« L’erreur théologique du fanatisme «
Spécialiste de théologie musulmane, le frère dominicain Adrien Candiard montre, dans un entretien au « Monde » que le fanatisme n’est pas le fruit d’un excès de religion, mais au contraire d’une carence tragique.(Extraits)
Frère dominicain spécialiste de théologie musulmane, Adrien Candiard n’a pas peur de quitter ses habits de chercheur pour entrer dans le débat public. Il avait déjà publié, quelques semaines après les attentats de 2015, Comprendre l’islam. Ou plutôt : pourquoi on n’y comprend rien (Flammarion, 2016) pour tenter de sortir des lectures simplistes à propos de cette religion.
Il revient avec Du fanatisme, quand la religion est malade (Editions du Cerf, 96 p., 10 euros), court essai dans lequel il appelle à remettre de la théologie là où le sujet n’est abordé qu’à travers la psychologie ou la sociologie. Car, estime ce membre de l’Institut dominicain d’études orientales du Caire, où il vit, c’est en confrontant le fanatisme à ses erreurs théologiques qu’on pourra lui répondre.

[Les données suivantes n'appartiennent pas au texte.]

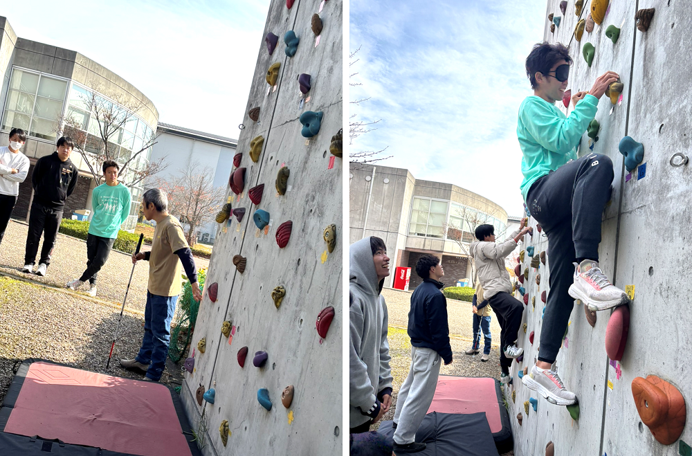 アウトドアスポーツコースでブラインドクライミング体験授業を実施!

Vous regrettez que le fanatisme religieux ne soit approché que sous l’angle de la psychologie ou de la sociologie, mais jamais de la théologie. En quoi ce manque est-il problématique ?
Depuis l’époque des Lumières, qui a mis le concept de fanatisme sur la place publique, l’approche dominante veut qu’il soit la conséquence d’un excès de religion. Logiquement, il semble que, pour soigner cet excès, la solution soit d’en parler le moins possible. Or, nous ne pouvons que constater aujourd’hui que cette approche ne fonctionne pas : amoindrir la place du religieux n’a pas réduit le fanatisme, car le problème engendré par cette attitude est de ne pas écouter ce que les fanatiques ont à nous dire. Autrement dit, de ne pas traiter religieusement la question religieuse.
« On ne luttera pas contre ce fanatisme en se passant de religion, mais en permettant aux croyants de vivre leur vie spirituelle dans un cadre religieux sain »
Il y a donc un mauvais diagnostic dans le fait de ne pas aborder le fanatisme comme une erreur religieuse, mais simplement comme une déviance sociale ou psychologique. Je crois qu’on ne luttera pas contre ce fanatisme en se passant de religion, mais au contraire en permettant aux croyants de vivre leur vie spirituelle dans un cadre religieux sain.
Même si cela peut sembler paradoxal à première vue, je pense que la principale erreur théologique du fanatisme est de ne pas laisser de place à la foi. Derrière la référence constante à Dieu, il y a un remplacement de Dieu par d’autres objets, tels que le culte ou les commandements, qui font bien entendu partie de la pratique religieuse, mais ne sont pas Dieu.